--- Exercise data Enclosed Below ---
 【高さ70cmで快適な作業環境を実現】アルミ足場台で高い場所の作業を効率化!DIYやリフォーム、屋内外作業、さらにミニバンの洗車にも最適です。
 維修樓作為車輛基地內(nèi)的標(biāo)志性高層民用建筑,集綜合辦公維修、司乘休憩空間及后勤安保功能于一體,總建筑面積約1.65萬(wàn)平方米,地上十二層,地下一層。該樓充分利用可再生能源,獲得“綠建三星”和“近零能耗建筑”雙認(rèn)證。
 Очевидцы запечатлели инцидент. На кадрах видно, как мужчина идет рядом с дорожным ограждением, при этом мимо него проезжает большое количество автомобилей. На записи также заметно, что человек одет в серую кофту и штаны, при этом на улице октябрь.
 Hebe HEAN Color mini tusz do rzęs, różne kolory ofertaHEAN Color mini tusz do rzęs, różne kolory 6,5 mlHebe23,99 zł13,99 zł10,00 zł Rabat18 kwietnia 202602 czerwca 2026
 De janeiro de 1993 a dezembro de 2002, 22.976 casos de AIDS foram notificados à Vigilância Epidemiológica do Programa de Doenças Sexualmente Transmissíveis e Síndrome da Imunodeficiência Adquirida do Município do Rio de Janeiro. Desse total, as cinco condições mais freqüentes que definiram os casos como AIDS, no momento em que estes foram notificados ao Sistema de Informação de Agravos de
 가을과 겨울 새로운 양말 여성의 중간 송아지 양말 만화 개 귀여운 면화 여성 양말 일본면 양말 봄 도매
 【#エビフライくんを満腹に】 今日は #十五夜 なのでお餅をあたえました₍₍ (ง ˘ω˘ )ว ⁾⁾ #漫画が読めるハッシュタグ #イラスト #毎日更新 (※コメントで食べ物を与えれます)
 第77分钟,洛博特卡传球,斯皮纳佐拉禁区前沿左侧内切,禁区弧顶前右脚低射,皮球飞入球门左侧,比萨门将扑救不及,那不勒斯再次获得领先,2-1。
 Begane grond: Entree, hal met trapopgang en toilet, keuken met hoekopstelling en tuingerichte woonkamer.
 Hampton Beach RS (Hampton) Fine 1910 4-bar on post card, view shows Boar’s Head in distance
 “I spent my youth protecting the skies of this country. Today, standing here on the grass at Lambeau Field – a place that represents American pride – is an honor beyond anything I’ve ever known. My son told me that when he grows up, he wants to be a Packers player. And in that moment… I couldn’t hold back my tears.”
--- End of Enclosed Exercise data ---
Task prompt:
Output every entry again, exactly as given.

Solution:
 【高さ70cmで快適な作業環境を実現】アルミ足場台で高い場所の作業を効率化!DIYやリフォーム、屋内外作業、さらにミニバンの洗車にも最適です。
 維修樓作為車輛基地內(nèi)的標(biāo)志性高層民用建筑,集綜合辦公維修、司乘休憩空間及后勤安保功能于一體,總建筑面積約1.65萬(wàn)平方米,地上十二層,地下一層。該樓充分利用可再生能源,獲得“綠建三星”和“近零能耗建筑”雙認(rèn)證。
 Очевидцы запечатлели инцидент. На кадрах видно, как мужчина идет рядом с дорожным ограждением, при этом мимо него проезжает большое количество автомобилей. На записи также заметно, что человек одет в серую кофту и штаны, при этом на улице октябрь.
 Hebe HEAN Color mini tusz do rzęs, różne kolory ofertaHEAN Color mini tusz do rzęs, różne kolory 6,5 mlHebe23,99 zł13,99 zł10,00 zł Rabat18 kwietnia 202602 czerwca 2026
 De janeiro de 1993 a dezembro de 2002, 22.976 casos de AIDS foram notificados à Vigilância Epidemiológica do Programa de Doenças Sexualmente Transmissíveis e Síndrome da Imunodeficiência Adquirida do Município do Rio de Janeiro. Desse total, as cinco condições mais freqüentes que definiram os casos como AIDS, no momento em que estes foram notificados ao Sistema de Informação de Agravos de
 가을과 겨울 새로운 양말 여성의 중간 송아지 양말 만화 개 귀여운 면화 여성 양말 일본면 양말 봄 도매
 【#エビフライくんを満腹に】 今日は #十五夜 なのでお餅をあたえました₍₍ (ง ˘ω˘ )ว ⁾⁾ #漫画が読めるハッシュタグ #イラスト #毎日更新 (※コメントで食べ物を与えれます)
 第77分钟,洛博特卡传球,斯皮纳佐拉禁区前沿左侧内切,禁区弧顶前右脚低射,皮球飞入球门左侧,比萨门将扑救不及,那不勒斯再次获得领先,2-1。
 Begane grond: Entree, hal met trapopgang en toilet, keuken met hoekopstelling en tuingerichte woonkamer.
 Hampton Beach RS (Hampton) Fine 1910 4-bar on post card, view shows Boar’s Head in distance
 “I spent my youth protecting the skies of this country. Today, standing here on the grass at Lambeau Field – a place that represents American pride – is an honor beyond anything I’ve ever known. My son told me that when he grows up, he wants to be a Packers player. And in that moment… I couldn’t hold back my tears.”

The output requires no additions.